Alzheimer, si sperimenta il robot da tenere in casa: monitora le attività e l’umore del paziente
Gira per casa, osserva l’anziano, prende informazioni e agisce di conseguenza, cercando di essere anche “simpatico”. E’ una sorta di coinquilino ideale il robot intelligente, in grado di assistere persone con Alzheimer e di socializzare adattandosi alla situazione. Questa una delle novità presentate al convegno “Artificial Intelligence and Health” al Consiglio nazionale delle ricerche (Cnr) di Roma, e promosso dalla Fondazione Francesco Balsano.
Il robot, messo a punto dai ricercatori dell’Università Federico II di Napoli, è simile al noto modello Pepper amato dai giapponesi: ha viso braccia e mani, ed è in grado di monitorare, attraverso la telecamera, i movimenti del corpo e del viso. In questo modo classifica le attività e l’umore della persona e, se il comportamento non è regolare, interviene: ad esempio può consigliare di bere o prendere medicine se l’anziano dimentica di farlo.

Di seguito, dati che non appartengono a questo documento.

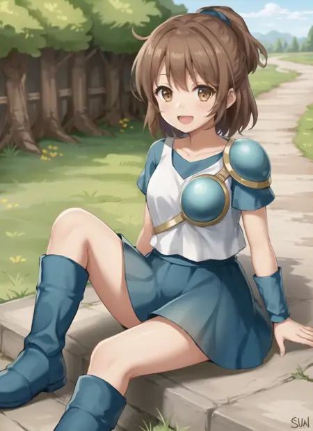 推荐提示:arlenadja, 1girl, solo, skirt, brown hair, blue skirt, brown eyes, boots, short hair, half updo, blue footwear, knee boots, armor, :D
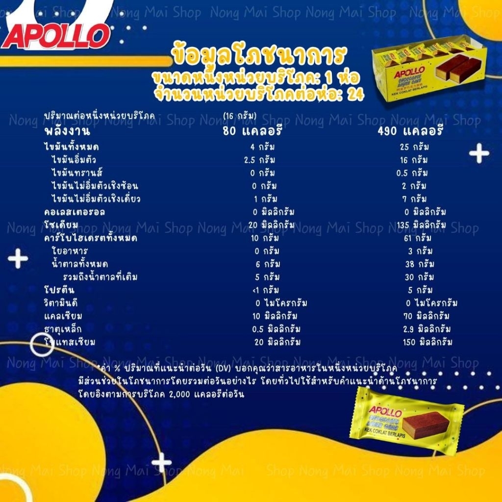 Apollo Chocolate Layer cake เค้กช็อคยกลัง12กล่อง
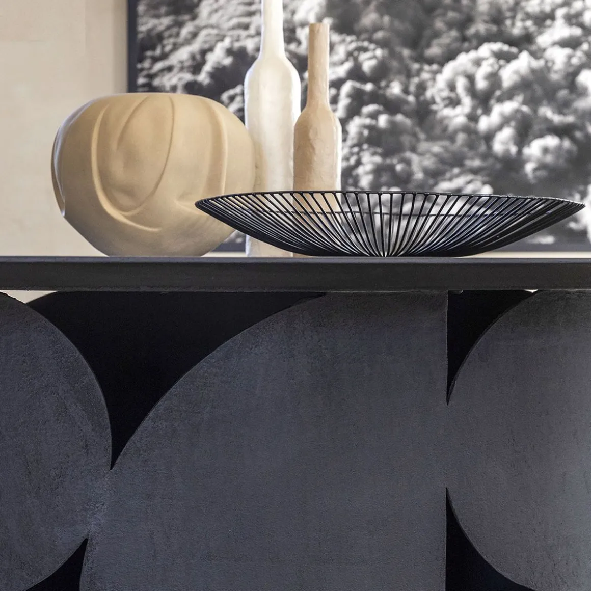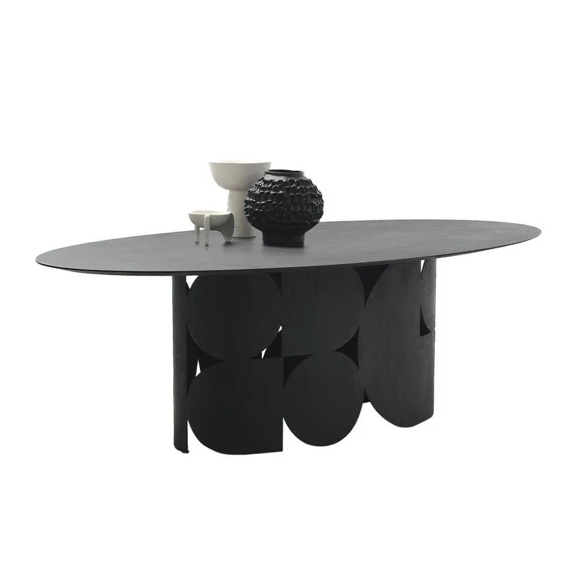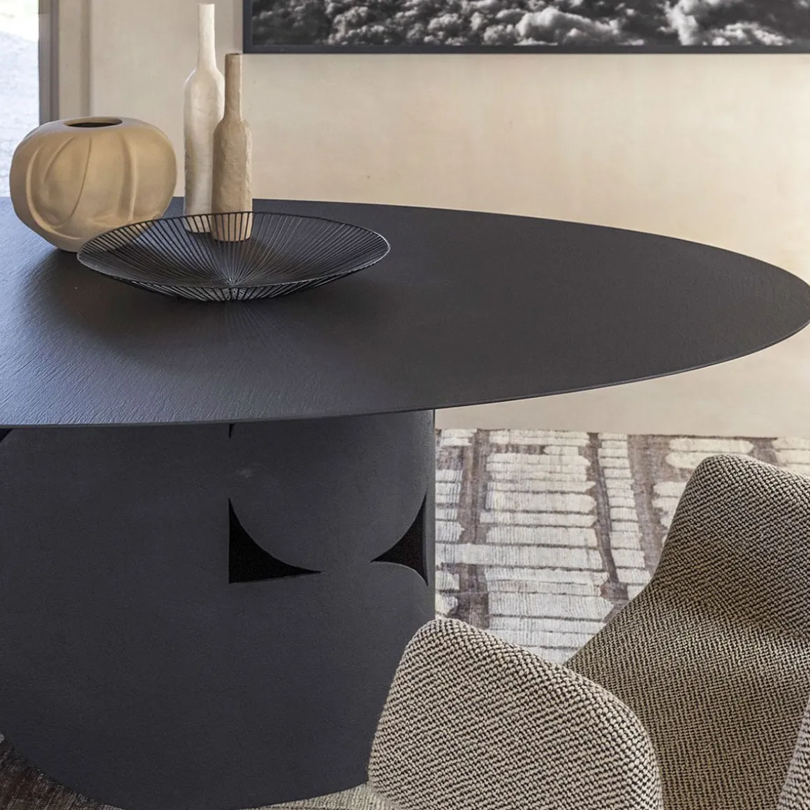 Table avec base en métal perforé et plateau en bois. Disponible dans les finitions : laquée mate ou brillante dans toutes les couleurs selon les échantillons ou texturée brossée à la main dans les couleurs selon les échantillons. L’équilibre esthétique entre le plateau et le pied central au salon une forte personnalité.
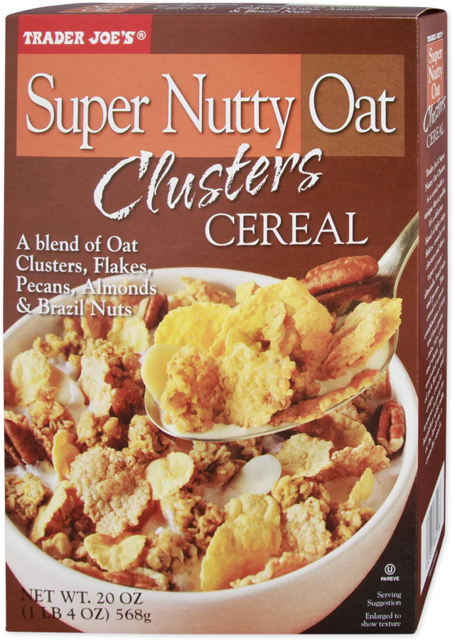 Trader Joe’s Super Nutty Oat Clusters Cereal is a crunchy, satisfying blend of crispy flakes, oat clusters, and three kinds of nuts—almonds, Brazil nuts, and pecans. Combined with four wholesome grains and a hint of toffee sweetness, it’s the perfect way to make breakfast (or snack time) extra special.
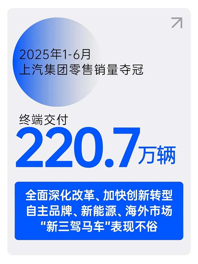 2025年上半年,中国汽车市场处于价格战硝烟与全球贸易不确定性交织的复杂环境中,面对逆境,上汽集团以205.3万辆的批售成绩同比增长12.4%,实现两位数增长,并连续6个月实现同比增长;终端交付量达220.7万辆,逆势实现销量“六连涨”,位列行业第一。
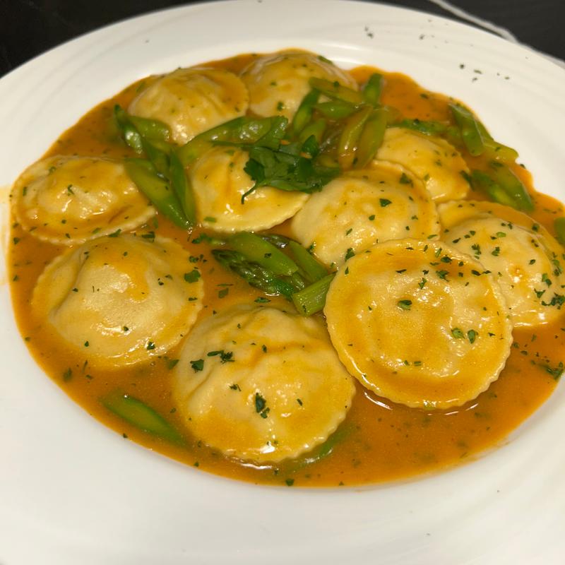 Home made stuffed w/ pulled crab meat in a lobster sauce & grilled asparagus
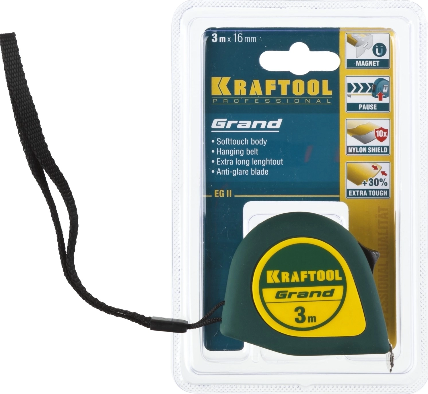 Рулетка KRAFTOOL Grand, 3 м х 16 мм
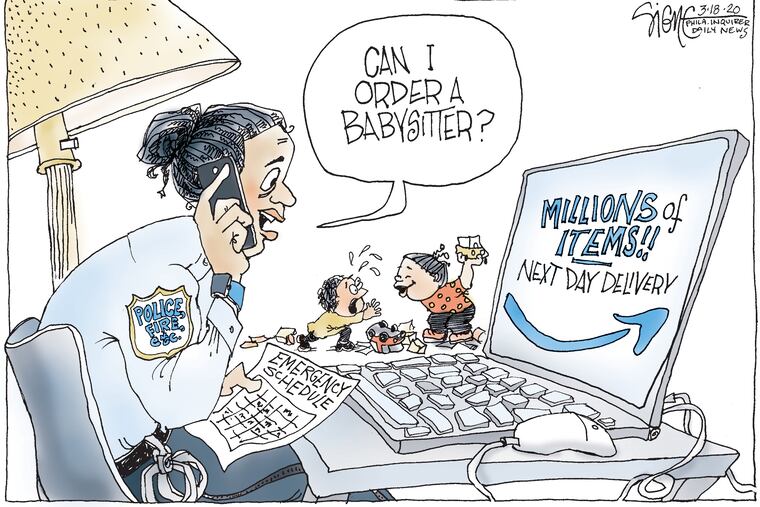 Childcare for public servants like police, fire, and sanitation workers with changing schedules is never easy. But during the current emergency, with schools and daycares shut down, babysitting is harder than ever to figure out. One young mother I know was lucky enough to have her in-laws drive 2,943 miles from California to help out. If only you could order a healthy, ambulatory, and willing grandparent on Amazon!
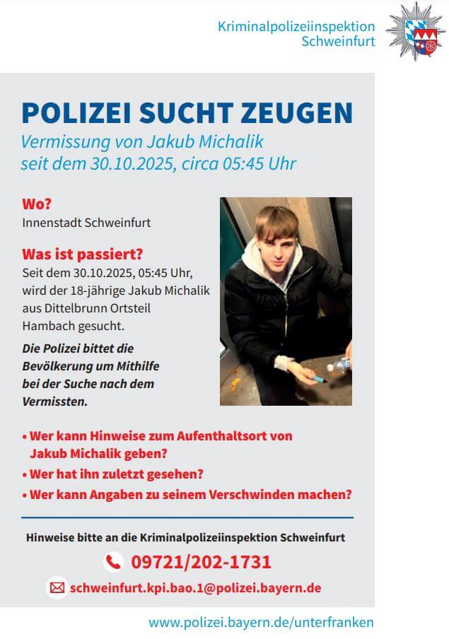 Der 18-jährige Jakub Michalik aus dem Dittelbrunner Ortsteil Hambach wird immer noch vermisst. Seit dem 30. Oktober fehlt jede Spur. Gegen 3 Uhr nachts war er da zuletzt Bekannten in der Sonnen- und der Damaschkestraße in der Schweinfurter Innenstadt begegnet. Die Polizei hat ein Sonderkommission gegründet, das bei der Suche in jede Richtung ermittelt.
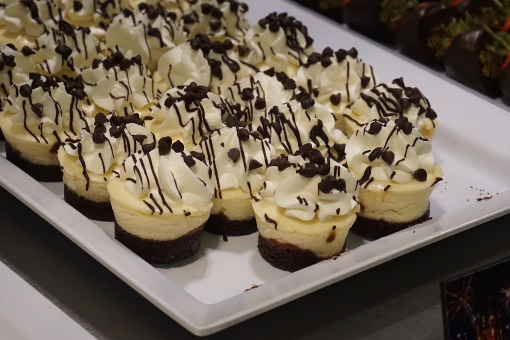 These had a chocolate brownie base topped with delicious cheesecake, whipped cream, and then both chocolate drizzle and mini chocolate chips. So yummy!
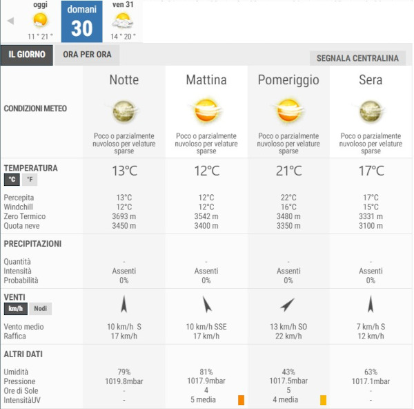 Secondo gli esperti di 3bmeteo domani, Giovedì 30 Ottobre avremo cieli in prevalenza parzialmente nuvolosi per l’intera giornata, non sono previste piogge.
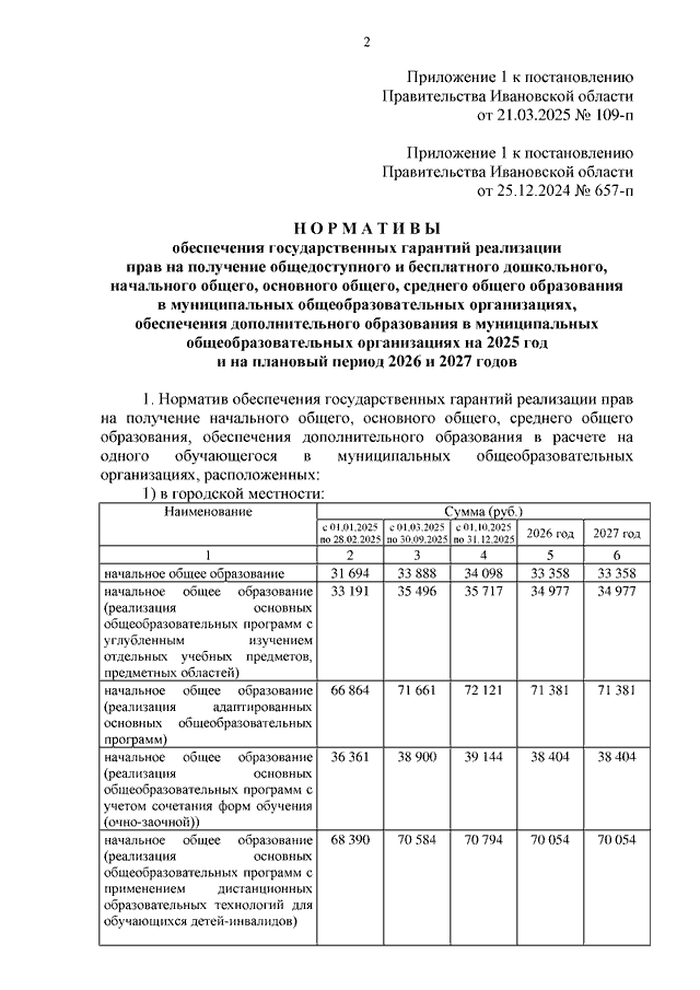 Постановление Правительства Ивановской области от 21.03.2025 N 109-п "О внесении изменений в постановление Правительства Ивановской области от 25.12.2024 N 657-п "Об утверждении нормативов обеспечения государственных гарантий реализации прав на получение общедоступного и бесплатного общего образования, обеспечения дополнительного образования в муниципальных образовательных организациях и возмещения затрат на финансовое обеспечение получения общего образования в частных образовательных организациях на 2025 год и на плановый период 2026 и 2027 годов" (вместе с "Нормативами обеспечения государственных гарантий реализации прав на получение общедоступного и бесплатного дошкольного, начального общего, основного общего, среднего общего образования в муниципальных общеобразовательных организациях, обеспечения дополнительного образования в муниципальных общеобразовательных организациях на 2025 год и на плановый период 2026 и 2027 годов", "Нормативами возмещения затрат на финансовое обеспечение получения дошкольного, начального общего, основного общего, среднего общего образования в частных общеобразовательных организациях, осуществляющих образовательную деятельность по имеющим государственную аккредитацию основным общеобразовательным программам, на 2025 год и на плановый период 2026 и 2027 годов")
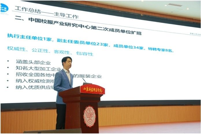 4 月 19 日,由中國服裝協會主辦,中國校服產業研究中心(以下簡稱“研究中心”)、山東科技職業學院承辦、濰坊尚德服飾有限公司支持的 2023 中國校服產業研究中心年會在山東省濰坊市山東科技職業學院召開。中國服裝協會常務副會長、研究中心主任楊金純,中國服裝協會副秘書長杜巖冰,山東省教育發展服務中心黨委書記魏光祥及研究中心成員企業代表 100 余人參加了本次年會。山東科技職業學院黨委書記鄭德前為大會作開幕致辭。
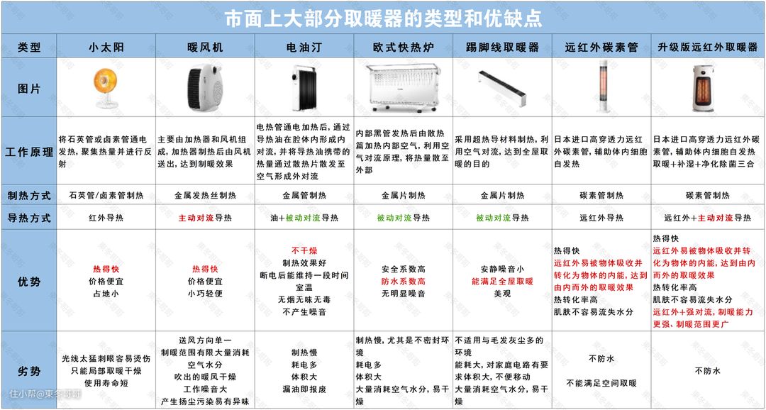 市面上大部分取暖器的类型和优缺点
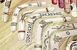 Another use for boomerangs are in formal dance ceremonies, used both as percussion instruments (like clapsticks) and by dancers. Styles and decorations varied widely among clans and different Aboriginal groups across Australia, and were significant in the ceremonies.[25]

O di telefonare a un parente se il paziente si isola.
«Finora – spiega, Silvia Rossi, ricercatore presso il Dipartimento di ingegneria elettrica e delle tecnologie dell’informazione della Federico II – la sperimentazione è stata condotta in laboratorio, dove 30 pazienti sono stati osservati mentre convivevano nella stessa stanza dell’umanoide. A gennaio iniziamo a sperimentarlo nelle case di 40 persone con e senza Alzheimer, per monitorare i benefici per la loro salute. In particolare, quello che stiamo cercando di fare è rendere il robot socievole e modularne il comportamento in base alla persona specifica. Ad esempio, deve capire come e quanto interagire a seconda della situazione». Già diverse le applicazioni in ambito sanitario per i robot intelligenti. «In un esperimento su 60 bimbi presso la Asl di Terni – precisa la ricercatrice – siamo riusciti ad addestrarli a capire quale fosse il modo migliore di interagire, caso per caso, per alleviare l’ansia». Mentre presso l’Ospedale di Padova l’utilizzo è stato nel supporto di bimbi con sindrome dello spettro autistico. «La presenza del robot – conclude – si è dimostrata in grado di sbloccare e facilitare la comunicazione».